Errors in learning of arm movements suggest that the brain composes motor commands with computational elements that are broadly tuned in arm velocity. When expressed in polar coordinates, the Gaussians exhibit a preferred direction of movement, much like the cosine tuning curves typically associated with cells in the motor system. However, our inferred bases have on average a half-width at half-height value of about 40°, significantly less than the 90° value required of cosines. Recent results²⁴ have demonstrated that tuning curves in monkey motor cortex have a median width of 56°, also much narrower than cosines. Motor cortical cells, however, have been reported to encode hand speed linearly¹⁵. Learning a linear force field with bases that have cosine directional tuning and linear speed tuning results in an IM that does not produce the S-shaped movements observed in our subjects. Wide Gaussians predict this curious behavior. They also explain why humans generalize sublinearly to fast movements after training in a linear force field at slow speeds⁸. The nonlinear encoding of speed inherent to Gaussians resemble tuning properties of Purkinje cells that encode arm movements in the cerebellum²². While several investigators have proposed a major role for the cerebellum in learning of IMs^25-27, our results suggest a link between patterns of generalization and firing properties of cells in this area. Since the output of the cerebellum partially affects the motor cortex²⁹, the finding that the preferred direction of motor cortical cells rotates during learning of force fields²⁸ may be a consequence of changing input from the cerebellum³⁰.

Methods

Three groups of right-handed normal human subjects were trained to make horizontal movements while holding the handle of a lightweight robotic arm. All movements were toward a pseudorandomly chosen target, then back to a center target. Targets appeared at 0°, 45°, ... 315°, at 10 cm displacement. Desired movement duration was 500±50 ms. Timing feedback was provided by changing the target color. All subjects initially practiced the task without any perturbing force (the null field). The first group of subjects (n=40) trained in target sets of 192 movements during which the force field B={0, 13;-13, 0} N·s/m was applied in 83% of the targets. The remaining 17% of targets (pseudorandomly selected) were catch trials during which the force field was turned off. In 13 of these subjects, EMG from anterior and posterior deltoid, biceps, and triceps were measured with surface electrodes, amplified, filtered, RMS rectified, averaged from -50 to 100 ms into the movement, multiplied by unit vectors pointing toward movement direction, and summed across movement directions to produce a preferred direction for each muscle⁵. The second group of subjects (n=24) trained in the same target sets as above, but with the force field always on (no catch trials). A final group of subjects (n=3) trained for 58 movements in a higher frequency force field (Equation 6; m=4), receiving catch trials only on targets 51 and 58 in directions 22.5° and 157.5°.

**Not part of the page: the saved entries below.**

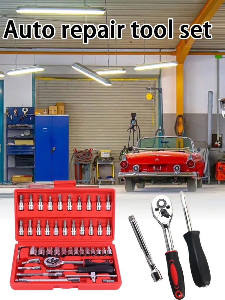 46-Piece 1/4" Drive Socket Set With Ratchet Wrench & Screwdriver Bits, 3-Pack Promotional Value, All-Purpose Hand Tool Kit For Automotive & Home Repair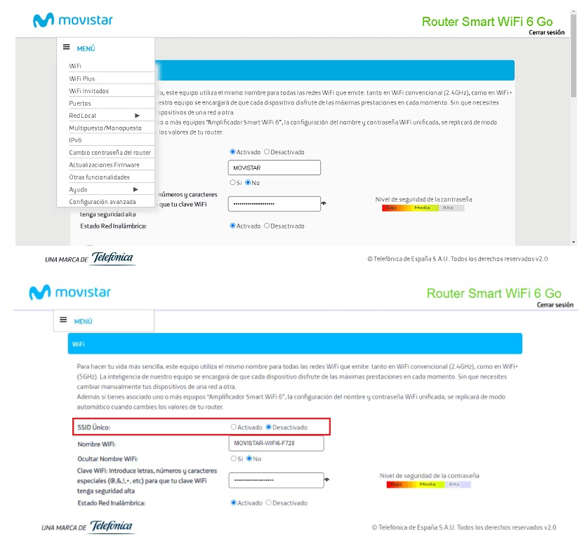 Según deseemos tener o no una sola red inalámbrica emitiendo en doble banda, Activamos/Desactivamos SSID Único. Para que los cambios se guarden, pulsamos el botón inferior de Aplicar Cambios.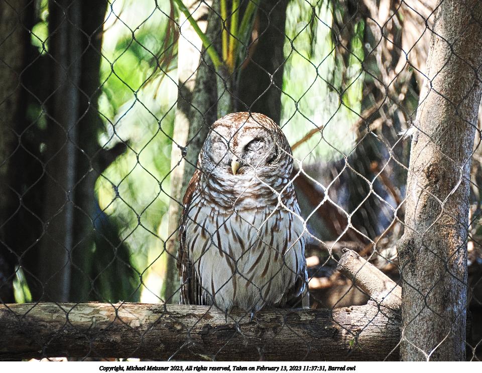 Picture #1: Barred owl 960x743, 203,812 bytes (200K), (html file) Copyright, Michael Meissner 2023, All rights reserved OM OM1 camera with Olympus-m43 12-200mm f/3.5-6.3 lens f/6.3, ISO 800, 1/125 sec, 200.0mm, auto mode, vivid color, center weight metering, auto + manual focus, IS Auto, anti-shock 35mm equivalent focal length 401.0mm Programs used: crop, raw therapee Taken by Michael Meissner on February 13, 2023 11:37:31 Last modified on May 20, 2023 at 20:57 |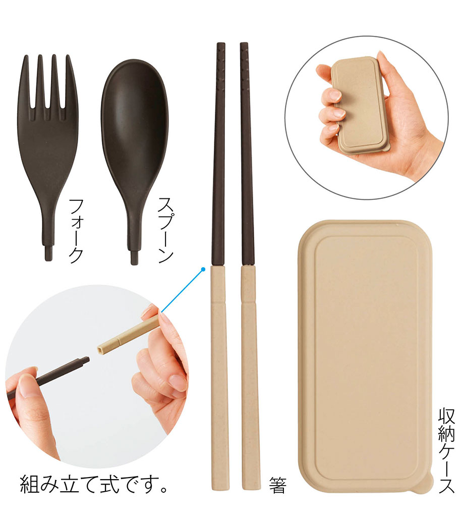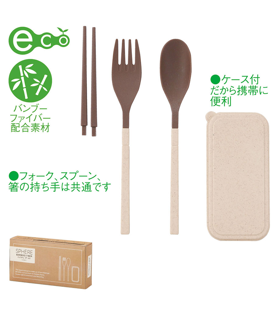 バンブーファイバー 携帯カトラリーセットは環境に配慮したカトラリー。箸、スプーン、フォークがセットになっていて便利な組み立て式。収納ケースにいれればコンパクトになり鞄に入れてもかさ張りません!
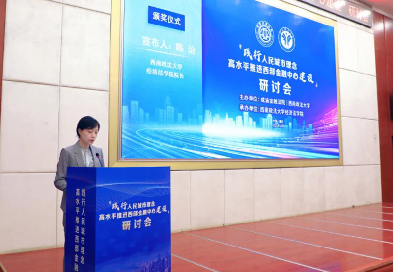 研討會上,舉行“高水平金融法治保障高質量金融發展”主題征文活動頒獎儀式,西南政法大學經濟法學院院長陳治宣讀獲獎作者名單,成渝金融法院黨組成員、副院長成春主持頒獎儀式。此次主題征文活動由成渝金融法院、西南政法大學、西南財經大學聯合舉辦,共評選出一等獎6篇,二等獎10篇,三等獎15篇,優秀獎15篇。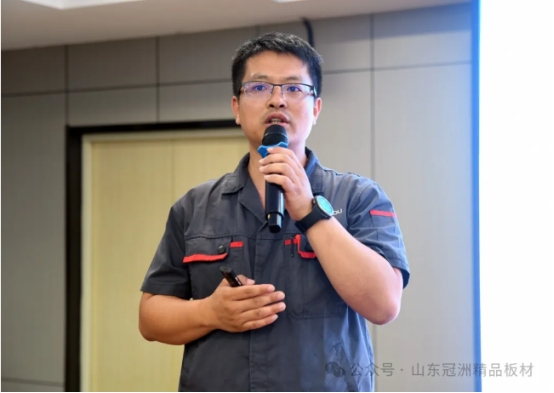 郭部长在演讲中简要介绍了冠洲基本情况,从专业角度出发详细介绍了冠洲精品板材的技术研发、生产及其在钢结构行业的产业化应用情况,同时还分享了冠洲持续创新打造的彩涂板涂层超细化分散、连续封闭、缓释控释三大核心工艺的概念和原理,并结合详实的实验数据和工程案例展示了冠洲彩板在不同行业、不同环境下的应用以及优异表现,受到了嘉宾们的一致好评。

A simulated anthropomorphic controller¹³ made movements to the same sequence of targets experienced by subjects. The controller’s IM learned to map desired hand velocities into forces. Desired hand trajectories were minimum jerk, 0.5 sec in duration, and 10 cm long. The IM approximated the imposed force field (Equation 1) with Gaussian bases (Equation 5; controllers were differentiated by σ). Gaussian centers spanned a range of desired velocities (-0.5 to 0.5 m/s in the x- and y-direction) spaced one σ apart. Sensitivity analyses suggested there were no significant changes in the results when the density of the bases was increased by an order of magnitude. Weights were initially randomized, then updated using Equation 2 with η=0.0025. To compare the output of Gaussian basis functions with cosine tuning curves, unweighted output of each Gaussian was averaged during movement time. The collection of averaged outputs across movement directions formed a tuning curve for each Gaussian primitive. Tuning curves were aligned to the preferred direction of each Gaussian and averaged across all Gaussians, from which the half-width at half-height value was calculated.